Government spending to boost economy

  • With the economy recovering and the equity market surging, taxes and privatisation would reasonably be expected to rise.
  • The revenue increase could be used to reduce the deficit while keeping spending broadly at its current share of the Gross Domestic Product (GDP).
  • This would allow spending to grow 17-18 per cent, in line with the nominal GDP.
  • The choice really boiled down to where to spend.

Higher fiscal deficit

  • For this year, the Budget pegged the deficit at 9.5 per cent of GDP, much higher than market estimates of around 7 per cent and a 5 per cent-point rise over the previous year.
  • Instead of funding food procurement through off-balance-sheet borrowing by the Food Corporation of India (FCI), as has been the case in the last few years, this year’s Budget has rightly brought some of that spending back on its accounts.
  • Excluding subsidies and interest payments, the increase in the deficit is just 2 percentage points of GDP.

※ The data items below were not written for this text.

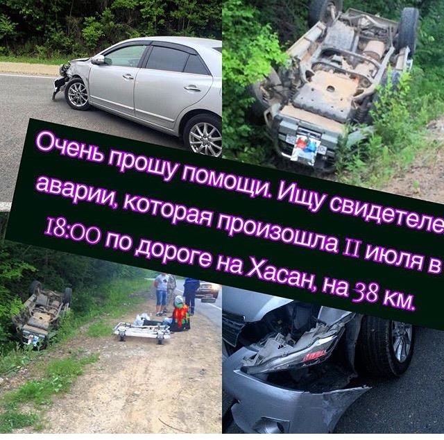 Очень прошу помощи. Ищу свидетелей аварии, которая произошла 11 июля в 18:00 по дороге на Хасан, на 38 км. С участием серебристой тойота Премио и Тойота Сурф. 89241208855 89241363826
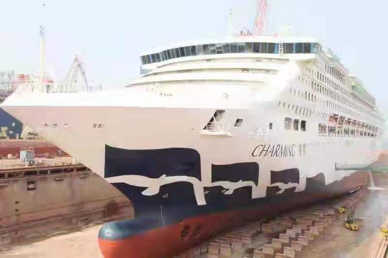 De Dream van Tianjin Orient International Cruise Line heeft onlangs een routinematig droogdok ondergaan op de scheepswerf Qingdao Beihai Shipbuilding Heavy Industry in Qingdao, China.
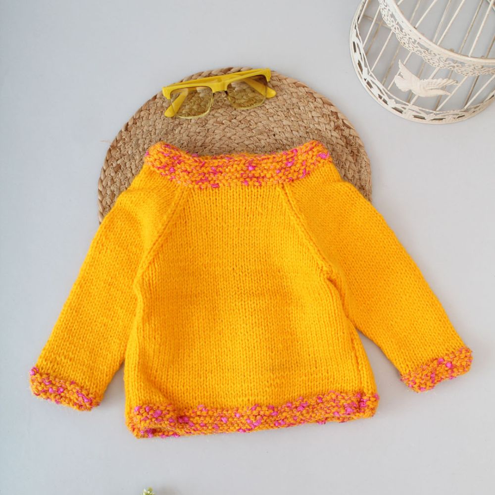 Vibrant Yellow Speckled With Pink and Orange Speckles Border Knit Sweater
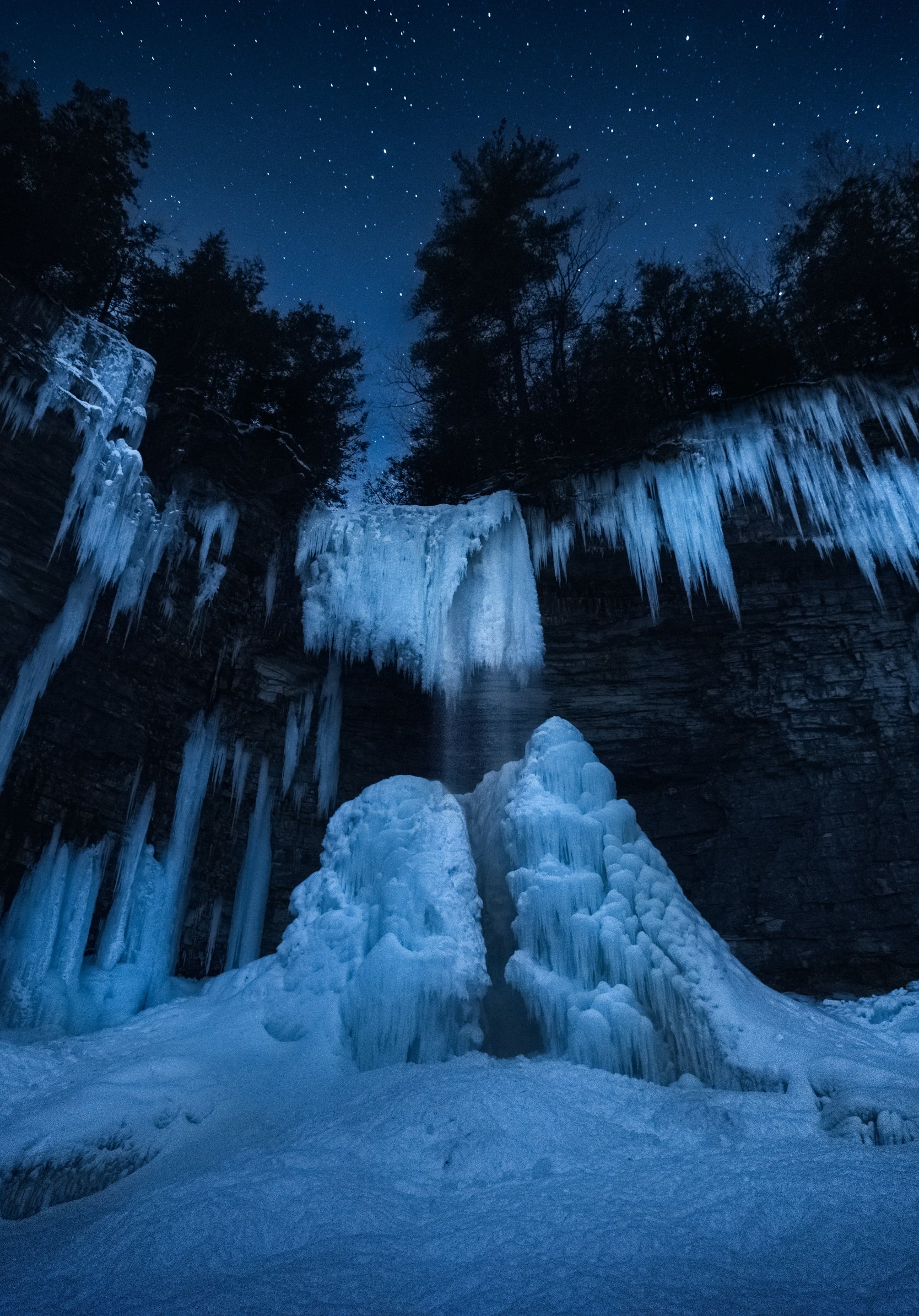 Wallpaper: frozen waterfall, night forest, winter - 1668x2388
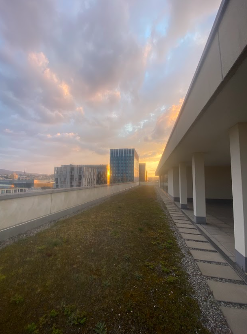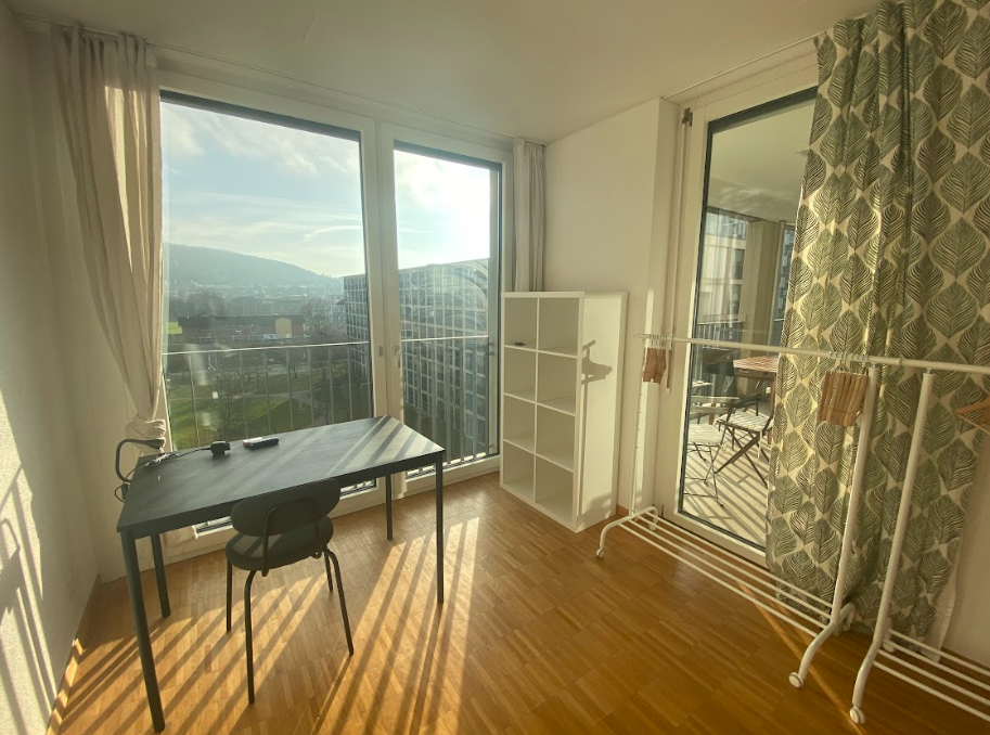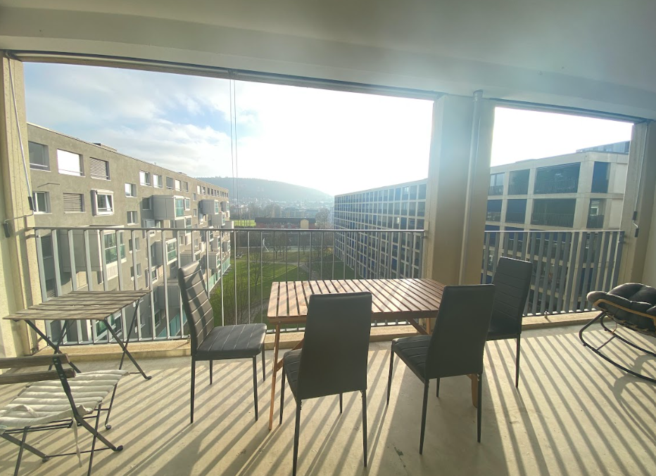 Location-wise it’s very convenient: the bus stops right in front of the building and comes every 5 minutes, you’re in about 2 minutes at Oerlikon station, and it’s around 20 minutes to Zürich HB. ETH Zurich / Irchel is 20min as well and Migros is literally across the street, which is very convenient.
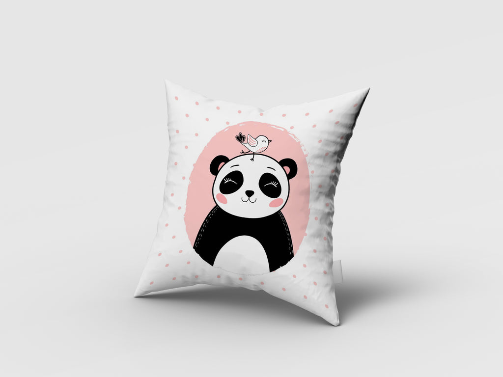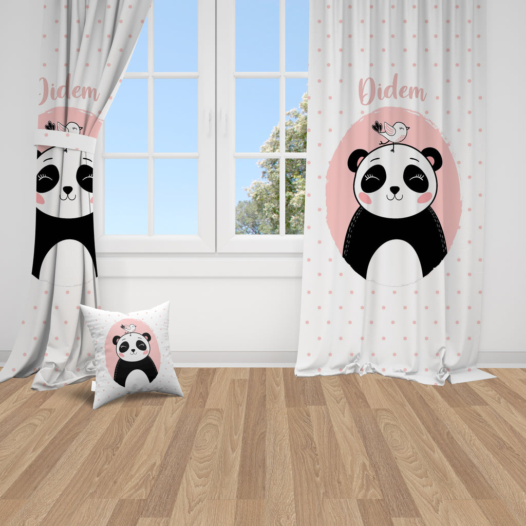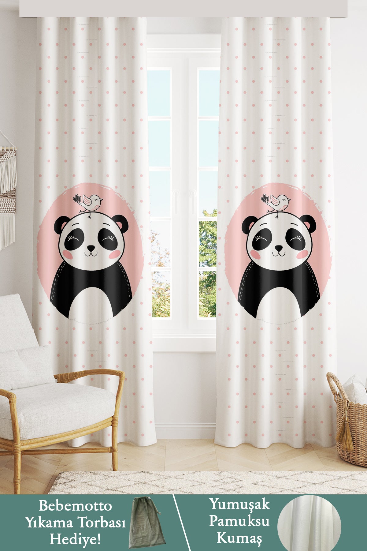 Panda ve Kuş, İthal Kumaş, Çocuk ve Bebek Odası Fon Perde - 2 Kanat - 70*150 Tekrar sipariş verilir ve stokta yoksa gönderilir
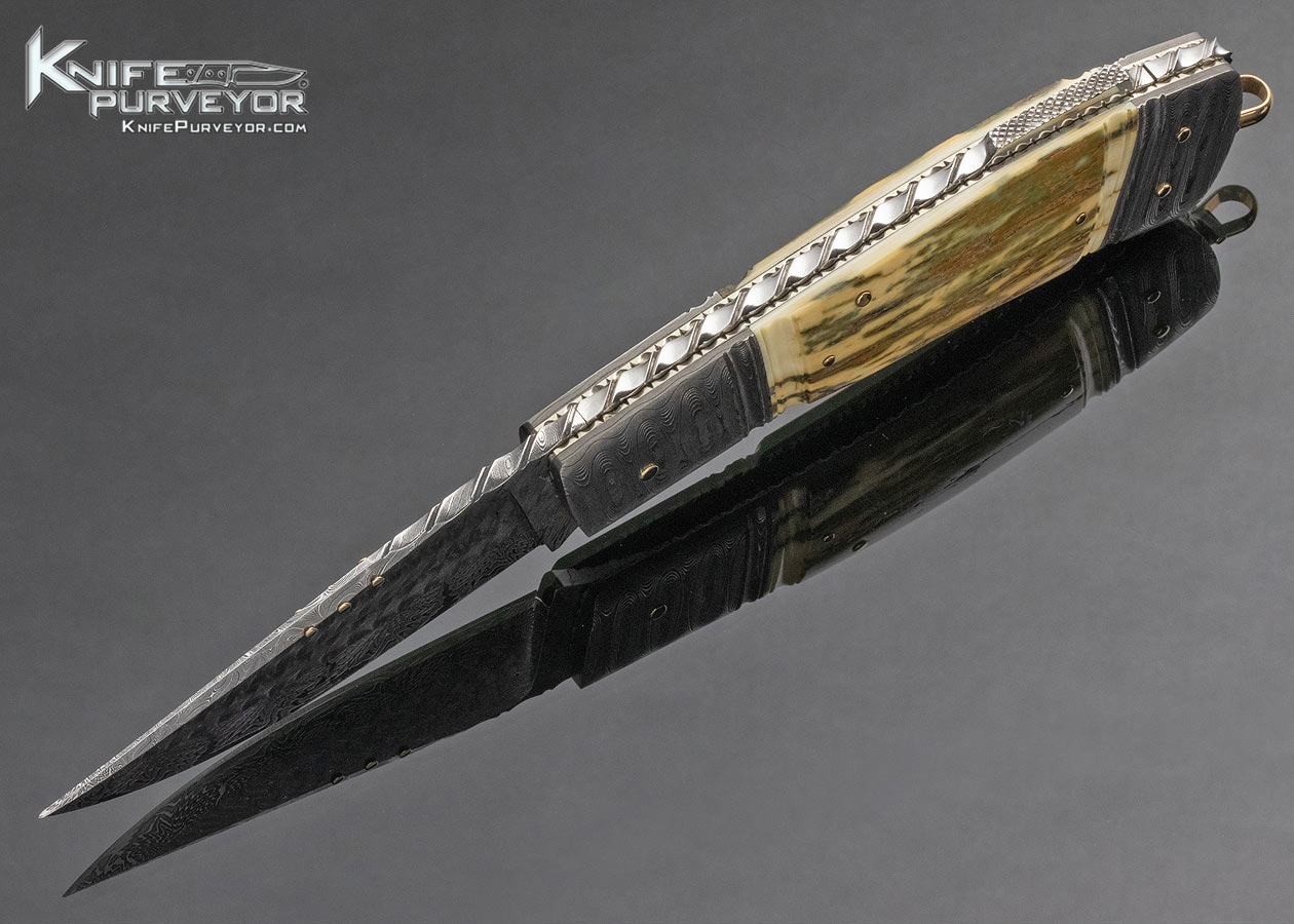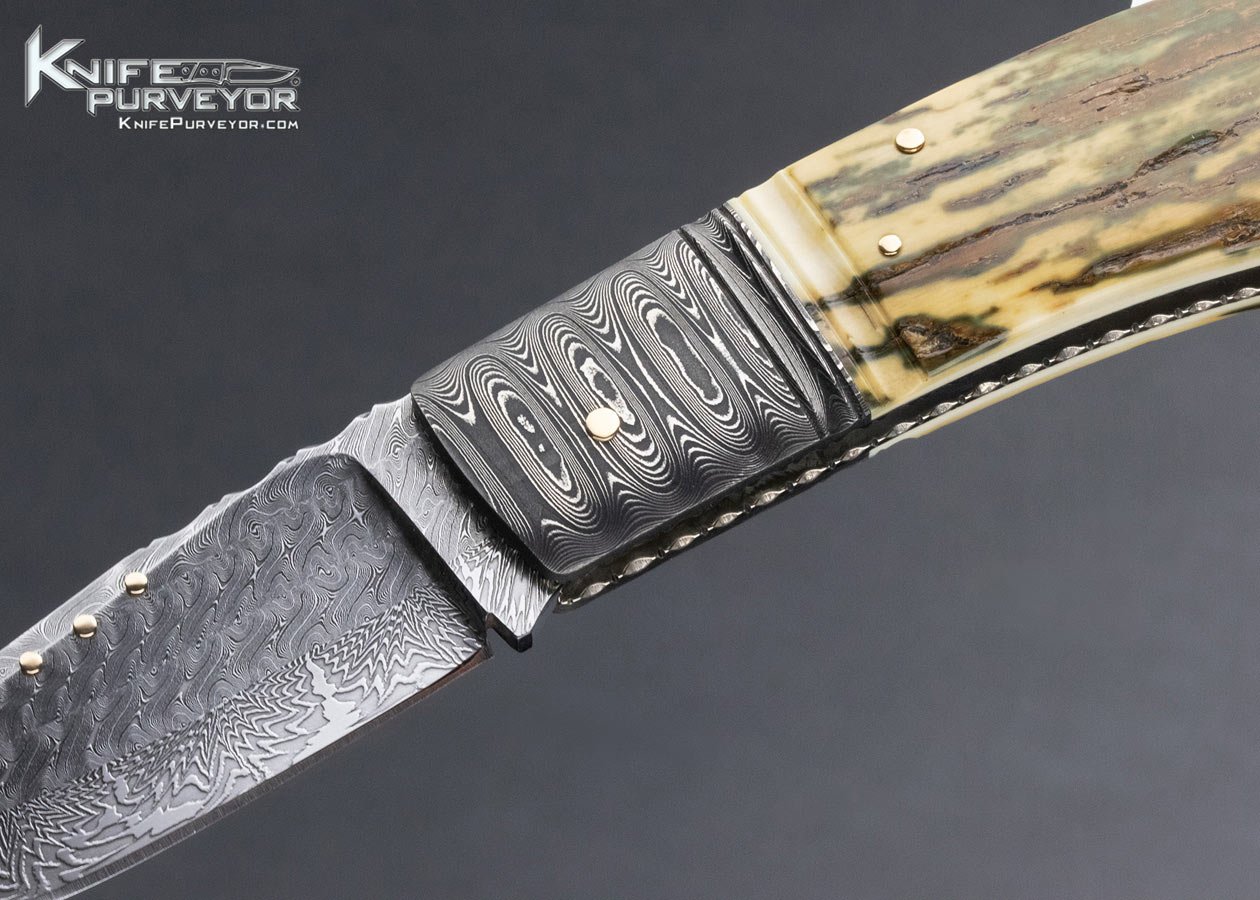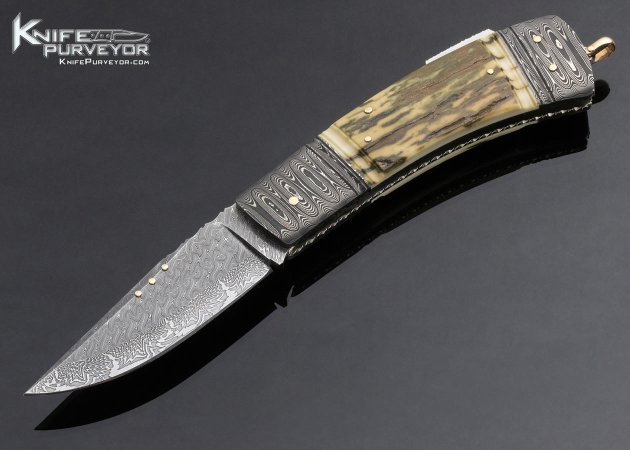 Kay Embretsen Custom Knife Sole Authorship Damascus and Bark Mammoth w Gold Pins and Bale Lockback
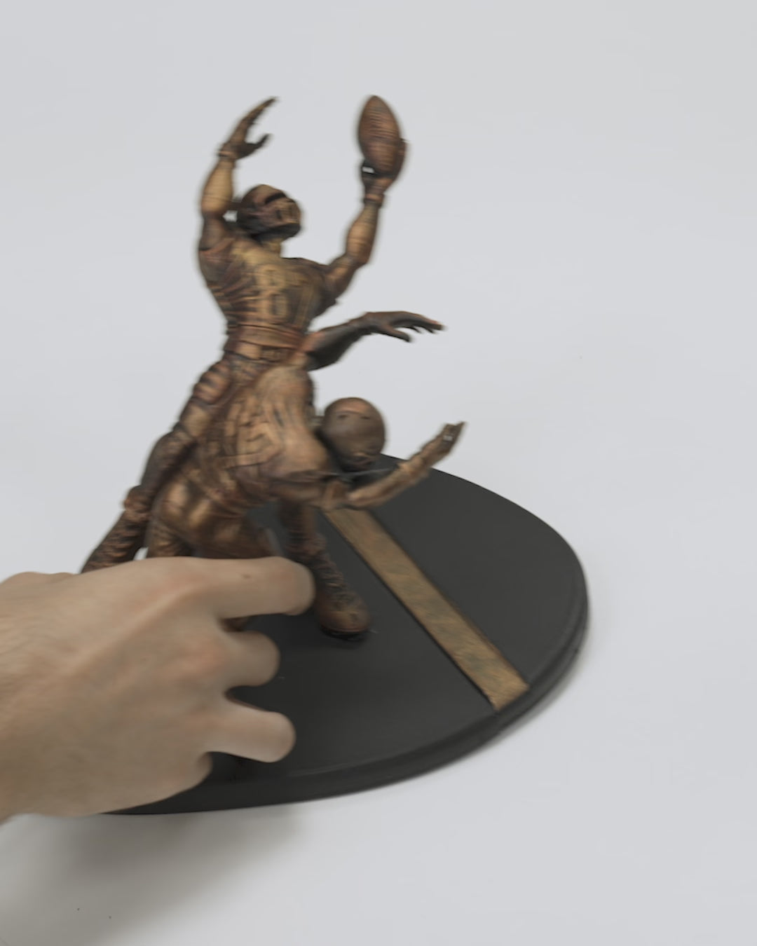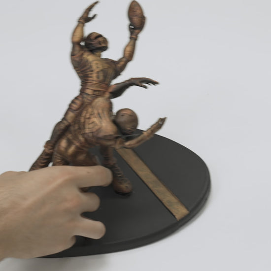 Capture the intensity of victory with the Game-Winning Touchdown, a dynamic 3D printed football statue that immortalizes the exact moment a receiver stretches for glory while being tackled mid-air. Designed with striking realism and posed drama, this piece showcases two players in full gear—one airborne and fully extended with the football in hand, the other executing a last-second tackle in a desperate bid to stop him.

Continues lack of income support

  • In the details, while there is a welcome emphasis on public health, infrastructure projects, and on privatisation, the glaring omission is the continued lack of income support.
  • This lack of income support is important.
  • Underlying the strong headline recovery in growth, imbalances in the economy have widened significantly.
  • The scarring in the labour market is extensive and the likely damage to household and SME balance sheets substantial.
  • While a debt moratorium and other regulatory forbearance have concealed the extent of the damage, these measures simply postpone the eventual reckoning.
  • A key risk is that not only is medium-term growth impaired because of the scarring, but also that banks turn risk-averse and do not extend credit exactly when the recovery is expected to gather strength once mobility fully normalises.

Consider the question “While the Budget for 2021-21 rightly health, infrastructure and privatisation, the lack of income support could threaten the prospects of recovery. Comment.”

Conclusion

While the Budget is constructive and has helped to allay fears of excessive fiscal tightening, it did not go far enough to mitigate the tail risk that the current economic recovery does not turn into a “dead cat bounce”.